En la novela de Han Kang encontramos dos voces y dos perspectivas que alternan el pasado y el presente, así como «Las clases de griego», donde se proponen reflexiones filosóficas que enriquecen el relato. Si bien no pretende ser una obra que revolucione la historia de la literatura, se trata de un relato con profundo encanto, de un entrelazamiento de vidas que confrontan la imposibilidad de ver con la imposibilidad de decir.
De Han Kang había leído La vegetariana y Actos humanos. Ambas obras me parecieron de gran interés y me mostraron a una autora de una sensibilidad distinta, de un lirismo suave y sutil, pero a la vez directa, brutal y desgarradora cuando la narración lo exige. Se trata de dos novelas potentes, de argumentos complejos y que ofrecen, a pesar de la desgarrador de lo contado, visiones del mundo que me parecieron refrescantes. El punto es que su dos obras me gustaron, sobre todo porque las leí antes de su polémico nombramiento como ganadora del Premio Nobel en 2024.
La clase de griego1 es la primera de sus obras que leo posterior al premio y mi objetivo lector era no dejarme influir por el prejuicio de “autora sobrevalorada” que mucha gente le ha colgado, a mi juicio, sin razón puesto que apenas estamos descubriendo el conjunto de su obra.
El punto es que esta nueva novela –que en realidad no lo es tanto puesto que fue escrita en 2011, antes incluso de Actos humanos–, me pareció de nuevo una experiencia de lectura muy enriquecedora.
Si bien es mucho más breve que las anteriores y con una historia más simple, su lirismo, la intimidad y cercanía con que aborda a los personajes y las situaciones que viven resulta en muchos momentos conmovedor.
Como decía, el argumento es simple: un maestro de griego, que padece una enfermedad congénita que habrá de dejarlo eventualmente ciego, tiene un acercamiento sutil, circunstancial y fortuito con una de sus alumnas, una mujer divorciada a la que le quitaron la custodia de su hijo y que padece un extraño trastorno que la hace perder el habla sin motivo aparente y sin que pueda, por su voluntad, recuperarla.
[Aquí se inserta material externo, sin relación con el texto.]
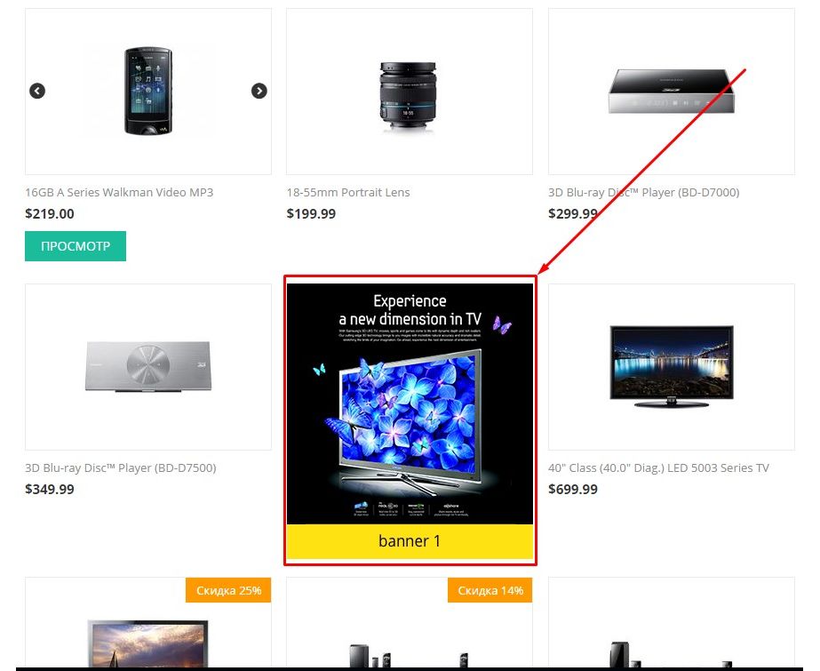 Модуль создает свою гибкую подсистему управления баннерами, которые размещаются в товарных списках среди товарных предложений, занимая указанную в настройках "плитку" товара.

“La pérdida del habla que sufre de nuevo –explica el narrador– no es cálida ni intensa ni nítida como hace veinte años. Si el primer silencio se parecía al de antes del nacimiento, el de ahora se parece al de después de la muerte. Antes era como mirar el ondulante mundo exterior desde el fondo submarino, ahora se ha convertido en una sombra que se arrastra por la dura superficie de paredes y suelos mientras contempla desde fuera la vida que transcurre en un gigantesco tanque cisterna. Podía oír y leer cualquier palabra, pero no podía abrir la boca y pronunciar los sonidos. Era un silencio frío y extraño, como una sombra sin cuerpo, como el tronco vacío de un árbol muerto, como la materia oscura que llena el espacio sideral2”.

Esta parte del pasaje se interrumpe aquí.